One of the key pressures on most schools and nurseries’ cash flow will be their premises, whether leased or mortgaged. In both cases, measures have been announced to provide some relief: the government has declared a moratorium on evictions by commercial landlords, to last initially until 30 June, and mortgage holidays to be granted by institutional lenders to those struggling to meet payments during this time. However, education providers must be careful not to take this relief as a reason for complacency; there is no guarantee that landlords and lenders will not be able to take action for any outstanding payments which cannot be made up as soon as these temporary measures are lifted. Where possible, providers should consider reaching an agreement with their landlord or lender, which might involve reduced and/or deferred payments, to manage the risk of facing proceedings further down the line.
One welcome development has been the extension of the business rates holiday to nursery businesses, which will apply from 1 April 2020 to 31 March 2021. This relief will be applied automatically for all nurseries based in England which are on the Ofsted Early Years Register, or which provide care and education for children up to 5 years of age.
What practical approaches should be considered to aid reopening?
1. Staggered classes. Practical solutions such as staggering arrival and departure times from school, as well as lesson start and end times to minimise the number of children moving around at any given time, may help to support social distancing efforts. If staff numbers are not sufficient to enable reduced class sizes, schools might also consider dividing classes, so that each half of a class rotates between a week of in-school lessons and a week of remote learning.
2. Volunteers. Government advice has indicated that schools may continue to use volunteers to support their work, provided that they are DBS checked. This could help to mitigate the problem of staff shortages in the short term.
3. Agreeing payment terms. Those private schools and nurseries with rent or mortgage payments to consider should try wherever possible to agree sensible terms with their landlord or lender.
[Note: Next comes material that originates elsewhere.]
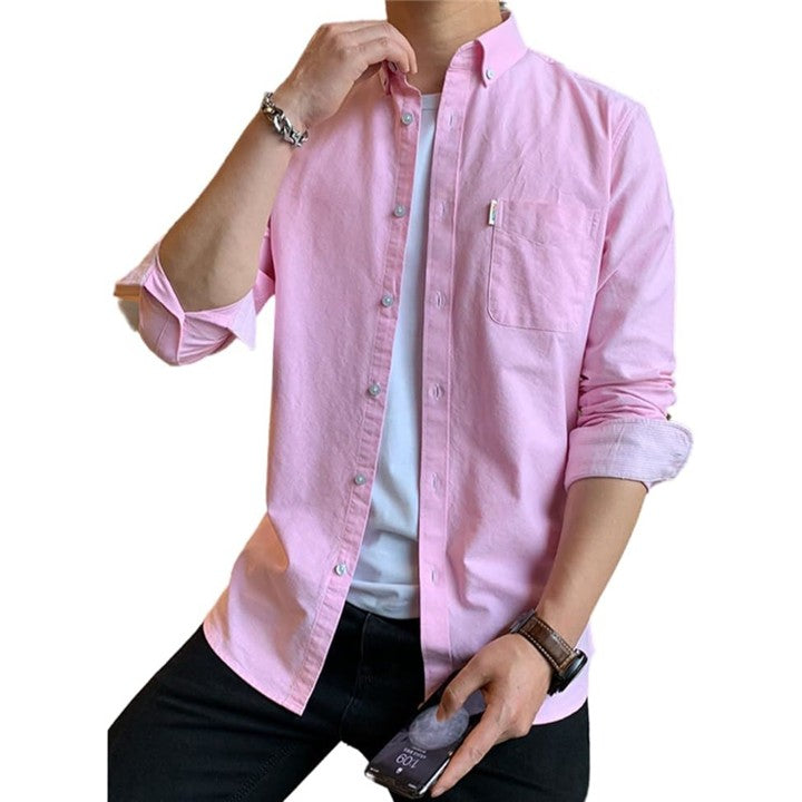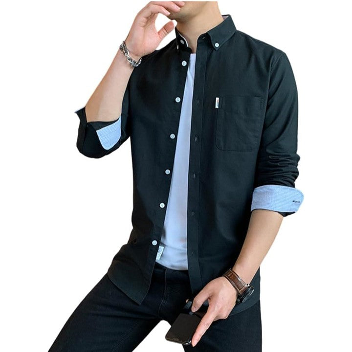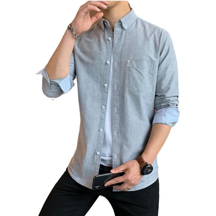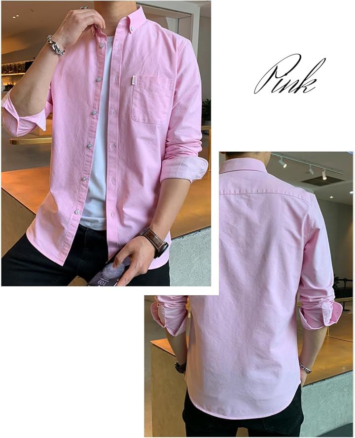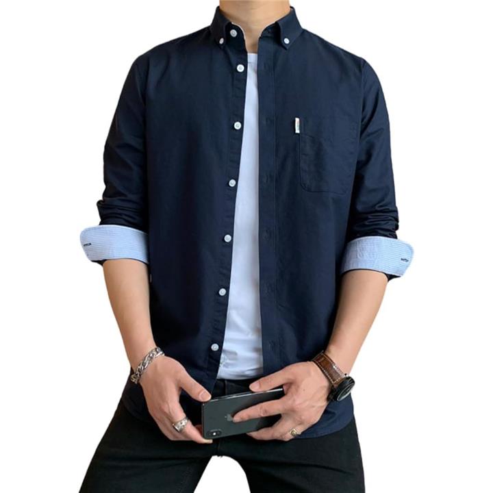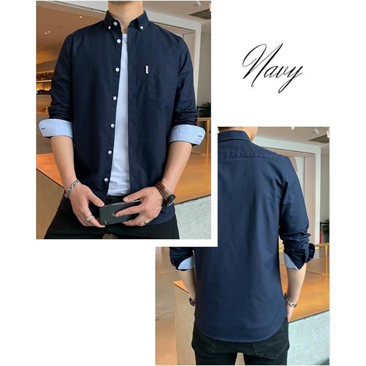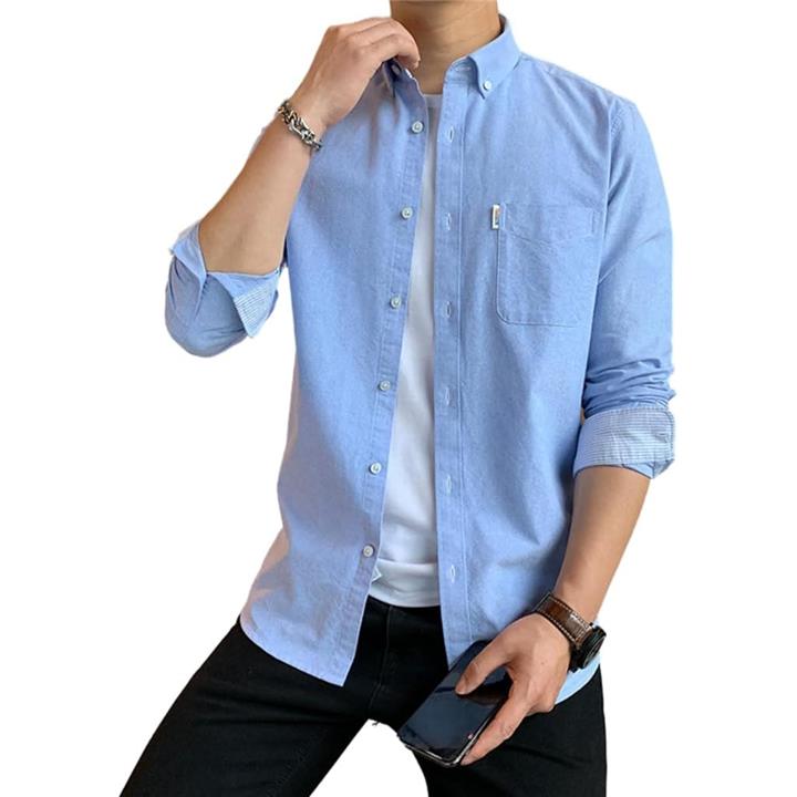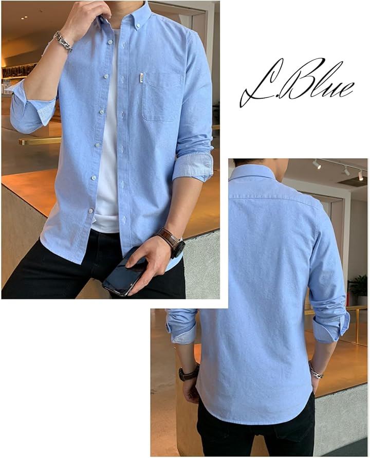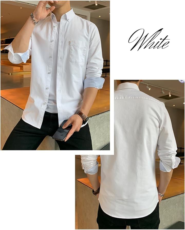 [レンロック] シャツ メンズ 秋服 カジュアル ワイシャツ ビジネス 長袖 オックスフォード ワークシャツ トップス 無地 綿100 袖デザイン 胸ポケット 秋 春 冬 |

It is advisable to strike a balance between managing cash flow in the present, and minimising the build-up of debt and risk of action being brought for missed payments going forward.
The most important message is that all schools and nurseries need to consider the steps they can take to minimise the risk of infection once they re-open. This will involve keeping up to date on the latest guidance and policy from the Department for Education, for example on key measures such as availability of PPE and testing, which may change over the coming weeks and months. It will be crucial to carry out a thorough risk assessments, consider the measures that will be required to minimise the risks identified, and determine whether it will be possible to adequately protect both children and staff, before taking the decision to re-open fully. In addition, private institutions will need to consider their cash flow position, and where appropriate should try to reach an agreement with landlords or mortgage lenders in relation to current and future payments, to improve their chances of survival in the long term.